Homopolymer Scoring

How SPACER detects and penalizes runs of consecutive identical nucleotides in guide RNA spacers.

What Are Homopolymers?

A homopolymer is a run of consecutive identical nucleotides within a sequence — for example, AAAA (poly-A), CCCC (poly-C), GGGG (poly-G), or TTTT/UUUU (poly-T/U). Homopolymer runs are problematic in guide RNA design for several reasons:

  • Synthesis errors: Oligo synthesis platforms have higher error rates in homopolymer regions, leading to insertions and deletions
  • Reduced specificity: Repetitive sequences are more likely to have off-target matches in complex genomes
  • Secondary structures: Poly-G runs can form G-quadruplexes; poly-C runs can form i-motifs
  • Enzyme inhibition: Certain homopolymer configurations interfere with Cas enzyme loading and activity

Detection Algorithm

SPACER scans each spacer sequence and identifies the longest run of any single nucleotide. The detection considers all four bases independently and reports the maximum run length found:

text
Spacer: A U G C C C C U A G G G U U A A C G U C
                       ↑↑↑↑           ↑↑↑
                    poly-C (4)     poly-G (3)

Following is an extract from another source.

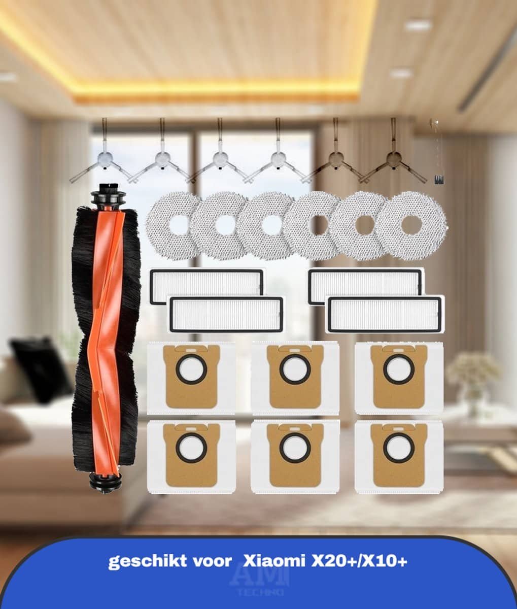 24-delige accessoireset voor Xiaomi X20+/X10+ robotstofzuiger, reserveonderdelen, 1 hoofdborstel, 6 dweilpads, 6 stofzakken, 6 zijborstels, 4 HEPA-filters, 1 reinigingsaccessoires

Longest homopolymer: 4 (CCCC)

Scoring Function

The homopolymer score is based on the length of the longest run. Short runs (≤3 nt) are considered normal and receive no penalty. Penalties increase with run length:

Longest RunScoreInterpretation
1–3 nt1.0Normal — no homopolymer concern
4 nt0.5Moderate — synthesis risk, minor activity impact
5 nt0.25Significant — likely synthesis issues, reduced activity
≥6 nt0.0Severe — strong recommendation against use

The penalty applies to the single longest run, not the sum of all runs. A spacer with two trinucleotide runs (e.g., AAA and GGG) receives no penalty, while a spacer with a single tetranucleotide run (AAAA) is penalized.

Quality Flag

When the longest homopolymer run is 4 or more nucleotides, SPACER raises the HOMOPOLYMER quality flag:

FlagConditionMeaning
HOMOPOLYMERLongest run ≥ 4 ntSpacer contains a homopolymer that may affect synthesis or activity
Info
Poly-T/U runs (TTTT or UUUU) are tracked separately by the poly-T scoring component, because they have an additional biological effect as transcription terminators. The homopolymer score captures all nucleotide types including T/U.

Base-Specific Risks

While all homopolymers are penalized equally in the scoring function, their biological risks differ:

Run TypePrimary Risk
Poly-AWeak binding (A-U pairs only have 2 hydrogen bonds); synthesis slippage
Poly-CCan form i-motif structures at slightly acidic pH; synthesis challenges
Poly-GG-quadruplex formation; strong secondary structures; highest synthesis error rate
Poly-T/UActs as Pol III terminator signal; see Poly-T Scoring for dedicated handling
Tip
Poly-G runs are particularly problematic because G-quadruplexes are exceptionally stable and can prevent Cas enzyme loading entirely. If you see a guide flagged for homopolymers, check whether the run is poly-G — these guides are the riskiest.